In de periode 1988-1992 voerde Flentrop Orgelbouw te Zaandam diverse werkzaamheden uit, onder meer aan de windvoorziening (restauratie van de spaanbalgen, plaatsing van schokbalgjes en vernieuwing van het windkanaal en de tremulant van het onderpositief), aan de Sexquialter van het Hoofdwerk (ongedaan maken van een door Lindsen uitgevoerde pijpverschuiving) en aan de intonatie (winddrukverlaging en retouchering van de Cimbel en de Vox Humana 8′).
De werkzaamheden van 2013 omvatten in eerste instantie noodzakelijk groot onderhoud aan de hoofdkast, de windvoorziening, de mechanieken, de windladen en het pijpwerk. Daarnaast is de windvoorziening enigszins herzien: de beide onderste balgen functioneren nu onafhankelijk ten behoeve van de ‘manualenwind’, de schokbalgjes zijn buiten gebruik gesteld en het windkanaal naar het Onderpositief uit 1988 is vanwege zijn al te royale ‘mensuur’ qua maatvoering verkleind. De in 1959 gehandhaafde metalen koppen van het groot octaaf van de Trompet 8′ zijn alsnog (in hout) vernieuwd, de Cimbel is qua samenstelling herzien (nieuw derde koor; als dubbelkoor) en er is een nieuwe Vox Humana 8′ vervaardigd, gebaseerd op de Heyneman-Vox Humana van het orgel in de Grote Kerk te Zaltbommel. Er zijn geen Vox Humana’s van Verhofstadt of zijn directe navolgers bewaard gebleven; voorbeelden van Heyneman komen het dichtst in de buurt van Verhofstadt, en bovendien is de Culemborgse hoofdwerktrompet in 1833 in belangrijke mate vernieuwd. De intonatie van het Verhofstadt-pijpwerk – de kernsteken (vermoedelijk van Witte) zijn in 1971 ‘afgeschraapt’ – is behoedzaam geretoucheerd, die van het (gehandhaafde) pijpwerk uit 1959 en 1971 herzien, na empirische vaststelling van een winddruk van 69 mm voor de manualen en 73 mm voor het pedaal.
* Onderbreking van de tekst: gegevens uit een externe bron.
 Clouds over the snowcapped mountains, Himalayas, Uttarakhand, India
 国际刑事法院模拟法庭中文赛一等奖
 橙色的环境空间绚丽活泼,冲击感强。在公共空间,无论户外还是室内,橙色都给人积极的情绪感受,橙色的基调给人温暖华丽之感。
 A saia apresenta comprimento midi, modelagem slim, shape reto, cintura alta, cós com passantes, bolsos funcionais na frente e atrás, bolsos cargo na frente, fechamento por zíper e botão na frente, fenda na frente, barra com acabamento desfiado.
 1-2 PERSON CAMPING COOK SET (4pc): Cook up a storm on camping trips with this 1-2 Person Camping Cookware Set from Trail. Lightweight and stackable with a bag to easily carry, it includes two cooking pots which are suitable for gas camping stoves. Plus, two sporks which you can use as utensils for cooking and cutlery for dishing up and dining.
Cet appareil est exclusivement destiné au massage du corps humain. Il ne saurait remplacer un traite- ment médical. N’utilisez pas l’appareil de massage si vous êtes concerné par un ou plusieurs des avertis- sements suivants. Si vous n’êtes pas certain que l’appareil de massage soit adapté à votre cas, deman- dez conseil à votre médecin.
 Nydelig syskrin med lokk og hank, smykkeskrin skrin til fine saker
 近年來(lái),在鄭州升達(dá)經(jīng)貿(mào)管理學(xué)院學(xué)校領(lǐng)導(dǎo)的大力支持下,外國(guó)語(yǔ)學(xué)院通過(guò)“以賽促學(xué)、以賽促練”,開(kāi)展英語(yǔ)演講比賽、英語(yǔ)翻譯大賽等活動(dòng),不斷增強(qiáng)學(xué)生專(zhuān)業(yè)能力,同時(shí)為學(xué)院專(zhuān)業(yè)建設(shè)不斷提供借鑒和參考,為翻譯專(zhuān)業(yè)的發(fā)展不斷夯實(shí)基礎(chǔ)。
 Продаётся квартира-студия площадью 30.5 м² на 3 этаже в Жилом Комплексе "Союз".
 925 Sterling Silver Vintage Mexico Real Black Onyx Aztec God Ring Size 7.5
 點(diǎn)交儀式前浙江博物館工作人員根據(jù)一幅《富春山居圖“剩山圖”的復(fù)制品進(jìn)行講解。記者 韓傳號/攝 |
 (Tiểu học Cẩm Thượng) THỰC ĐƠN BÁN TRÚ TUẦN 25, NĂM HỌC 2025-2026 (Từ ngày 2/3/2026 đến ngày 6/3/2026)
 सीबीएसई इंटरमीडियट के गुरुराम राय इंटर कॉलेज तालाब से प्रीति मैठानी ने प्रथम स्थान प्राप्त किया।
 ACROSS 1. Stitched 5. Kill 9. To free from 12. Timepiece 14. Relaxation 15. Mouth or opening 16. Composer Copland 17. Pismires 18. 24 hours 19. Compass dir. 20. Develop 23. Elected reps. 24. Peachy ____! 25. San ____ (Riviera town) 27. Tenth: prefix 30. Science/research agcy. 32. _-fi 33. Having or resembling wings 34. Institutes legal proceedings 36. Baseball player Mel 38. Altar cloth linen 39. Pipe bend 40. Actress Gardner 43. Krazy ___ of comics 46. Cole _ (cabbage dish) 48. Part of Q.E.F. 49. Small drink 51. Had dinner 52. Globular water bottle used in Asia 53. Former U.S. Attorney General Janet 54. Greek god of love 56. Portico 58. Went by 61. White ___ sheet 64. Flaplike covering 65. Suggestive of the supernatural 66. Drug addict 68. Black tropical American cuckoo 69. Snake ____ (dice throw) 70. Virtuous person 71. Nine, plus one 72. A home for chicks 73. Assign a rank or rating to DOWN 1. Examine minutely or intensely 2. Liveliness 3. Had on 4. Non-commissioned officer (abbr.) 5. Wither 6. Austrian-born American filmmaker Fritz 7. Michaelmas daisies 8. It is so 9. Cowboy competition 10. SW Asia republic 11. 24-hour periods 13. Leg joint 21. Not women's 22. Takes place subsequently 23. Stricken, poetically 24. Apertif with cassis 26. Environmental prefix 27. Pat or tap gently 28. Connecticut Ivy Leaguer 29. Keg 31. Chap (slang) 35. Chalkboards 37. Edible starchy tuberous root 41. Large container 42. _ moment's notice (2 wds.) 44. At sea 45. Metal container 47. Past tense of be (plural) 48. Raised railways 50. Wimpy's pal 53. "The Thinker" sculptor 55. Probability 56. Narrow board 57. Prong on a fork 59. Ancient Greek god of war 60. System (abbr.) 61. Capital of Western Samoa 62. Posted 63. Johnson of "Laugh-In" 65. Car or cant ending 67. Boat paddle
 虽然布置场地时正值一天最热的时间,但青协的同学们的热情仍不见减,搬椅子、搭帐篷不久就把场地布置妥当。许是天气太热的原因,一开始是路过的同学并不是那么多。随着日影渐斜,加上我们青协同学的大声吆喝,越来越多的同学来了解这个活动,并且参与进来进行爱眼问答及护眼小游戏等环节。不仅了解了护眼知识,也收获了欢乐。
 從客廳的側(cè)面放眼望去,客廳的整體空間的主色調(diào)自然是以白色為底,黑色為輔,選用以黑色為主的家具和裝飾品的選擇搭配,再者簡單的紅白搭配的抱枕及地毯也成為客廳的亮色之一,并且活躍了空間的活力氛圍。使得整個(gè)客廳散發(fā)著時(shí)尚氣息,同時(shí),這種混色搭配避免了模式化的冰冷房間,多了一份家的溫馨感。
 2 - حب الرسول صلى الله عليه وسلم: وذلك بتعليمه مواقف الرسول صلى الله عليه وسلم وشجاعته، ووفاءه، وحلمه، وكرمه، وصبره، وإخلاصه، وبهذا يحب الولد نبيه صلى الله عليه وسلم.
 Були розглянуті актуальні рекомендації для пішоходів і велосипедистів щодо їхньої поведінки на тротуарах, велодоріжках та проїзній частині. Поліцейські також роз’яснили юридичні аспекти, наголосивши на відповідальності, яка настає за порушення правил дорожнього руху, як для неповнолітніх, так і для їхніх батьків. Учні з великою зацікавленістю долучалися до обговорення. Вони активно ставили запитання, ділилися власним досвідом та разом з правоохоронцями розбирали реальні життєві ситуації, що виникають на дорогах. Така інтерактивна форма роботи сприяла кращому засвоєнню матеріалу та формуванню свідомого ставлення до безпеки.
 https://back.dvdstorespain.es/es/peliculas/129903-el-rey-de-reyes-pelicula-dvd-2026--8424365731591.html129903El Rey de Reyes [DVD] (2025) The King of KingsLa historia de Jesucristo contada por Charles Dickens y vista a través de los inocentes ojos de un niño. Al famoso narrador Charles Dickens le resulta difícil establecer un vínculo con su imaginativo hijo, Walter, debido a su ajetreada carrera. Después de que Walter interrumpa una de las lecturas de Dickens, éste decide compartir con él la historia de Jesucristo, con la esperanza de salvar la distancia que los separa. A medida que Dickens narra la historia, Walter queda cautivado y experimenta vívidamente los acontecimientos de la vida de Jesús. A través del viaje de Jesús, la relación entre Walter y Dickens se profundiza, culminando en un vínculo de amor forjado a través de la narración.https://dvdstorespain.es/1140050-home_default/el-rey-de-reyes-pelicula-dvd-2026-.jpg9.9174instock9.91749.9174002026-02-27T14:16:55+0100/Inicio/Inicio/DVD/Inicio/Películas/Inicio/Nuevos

De feestelijke heringebruikname vindt plaats tijdens een concert op vrijdag 1 november. Het concert begint om 20.15 uur en wordt verzorgd door Peter van Dijk (adviseur bij de werkzaamheden) en Marijn Slappendel (cantor-organist van de kerk). Er zal muziek klinken van Boutmy, Estendorffer, J.S. Bach, Krebs en Mendelssohn.
Dispositie
Pijpwerk 1719 (manualen) en 1971 (pedaal), tenzij anders vermeld.
Hoofdwerk (II) C-c3
Bourdon 16 – C-G eiken, vervolg lood
Prestant 8 – C-c2 front, vervolg op de laden
Holpyp 8
Octaaf 4
Holfluyt 4 – C-c0 gedekt, vervolg met roeren
Quint 3
Superoctaaf 2
Nasaat 2 – C-f1 roergedekt, vervolg open
Mixtuur IV
Cimbel III – 1959/2013
Sexquialter III discant. Grotendeels 1719
Cornet IV – discant
Trompet B/D 8 – Stevels 1959, koppen 2013 (C-H)/1959; kelen, tongen, bekers 1719/1833
Onderpositief (I) C-c3
Holpyp 8 – C-G eiken, vervolg lood
Prestant 4 – C-dis in het front, vervolg op de lade
Holfluyt 4 – gedekt
Octaaf 2
Quint 1 ½ – grotendeels 1971; H, f2-F`#2 (sinds 1988) pijpen uit 1719
Mixtuur II – 1971
Sexquialter II – discant. 1971
Vox Humana B/D 8 – 2013
Pedaal C-f1
Subbas 16
Octaaf 8
Octaaf 4
Fluyt 2
Trompet 16
Trompet 8
Schalmey 4
Werktuiglijke registers
Manuaalcoppel
Pedaalcoppel – naar het Hoofdwerk
Tramblant Hoofdwerk
Tramblant Onderpositief
Stemtoonhoogte: a=415 Hz
Stemmingssysteem evenredig zwevend.
Het metalen pijpwerk uit 1719 en 2013 is van lood vervaardigd.